Это ощущение большой жизненной правды, когда вместо хрестоматийных “персонажей” на сцене обитают живые люди, а знакомый едва ли не наизусть текст вдруг начинаешь открывать для себя как будто заново, — во многом заслуга не только режиссера, но и актеров, занятых в спектакле. При этом герои спектакля внешне как будто не слишком привлекательны, не так уж благородны и вовсе не поэтичны — однако театр обнаруживает в них и поэзию, и красоту, и благородство. Нескладный, трогательно нелепый Войницкий (С. Курышев) неожиданно оказывается удивительно прекрасным, а за напускной бравадой и пьяным ёрничеством его друга Астрова (П. Семак) вдруг открывается совсем другой человек: тонкий, ранимый и по-прежнему жаждущий большой любви, несмотря на всю мерзость “обывательской, уездной жизни”. Профессор Серебряков почти всегда представал на сцене жестоким и бессердечным эгоистом, немилосердно калечащим чужие жизни и судьбы, — здесь этот же герой в исполнении И. Иванова оказывается едва ли не самым привлекательным в спектакле: мудрым, терпимым и великодушным. Елена Андреевна (К. Раппопорт) входит в этот мир “гением чистой красоты”, а вовсе не “нудным, эпизодическим лицом”, как она себя называет (впрочем, давно известно, что самоирония — свойство людей широкой души). И Соня, и Вафля, и “старая галка maman” — все эти “никчемные существа”, которых мы в повседневной суете, что называется, “в упор не видим”, в спектакле Додина оказываются теми самыми “русскими людьми”, на которых, в сущности, сегодня держится мир. Потому что в эпоху всеобщей “технократизации” и “роботизации” именно простые человеческие чувства — доброта, сострадание, готовность простить и понять — все чаще оказываются тем самым “заветным сокровищем”, на тщетные поиски которого порой уходит целая жизнь.

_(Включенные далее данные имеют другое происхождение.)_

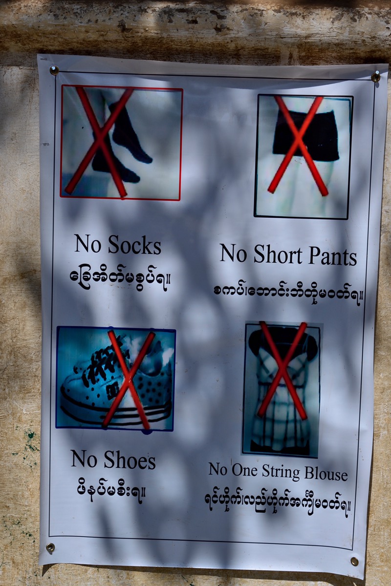 Die Reise führte uns durch karge Landschaften mit vielen Bettlern entlang der Strecke. Seit 1962 regiert das Militär in Myanmar mit dem Fokus auf dem Wohlstand bestimmter Bevölkerungsgruppen. Die übrige Bevölkerung muss für dieses Missmanagement mit Armut bezahlen. Vor allem der Name Myanmar wurde 1989 von der Regierung willkürlich ohne Beteiligung des Volkes eingeführt.

Даже если жизнь проиграна, надо жить, потому что рядом с тобой живут люди, за которых ты навсегда в ответе. Именно это является главной темой спектакля Льва Додина, утверждающего, что новое “обретение веры” станет возможным лишь тогда, когда мы поймем, что главное в жизни не жажда сиюминутных наслаждений, не эгоистическое удовлетворение своих прихотей любой ценой, а та самая любовь, ради которой люди во все века были готовы пойти на любые жертвы. Именно эта великая любовь помогает нам не отчаиваться, какие бы горькие удары ни наносила порой жизнь. И даже если с точки зрения житейской логики и так называемого “здравого смысла” верить абсолютно незачем и не во что, мы должны находить в себе силы любить, прощать и не терять надежду. Потому что мы не одиноки на этой земле — и жить надо прежде всего во имя тех, кто рядом.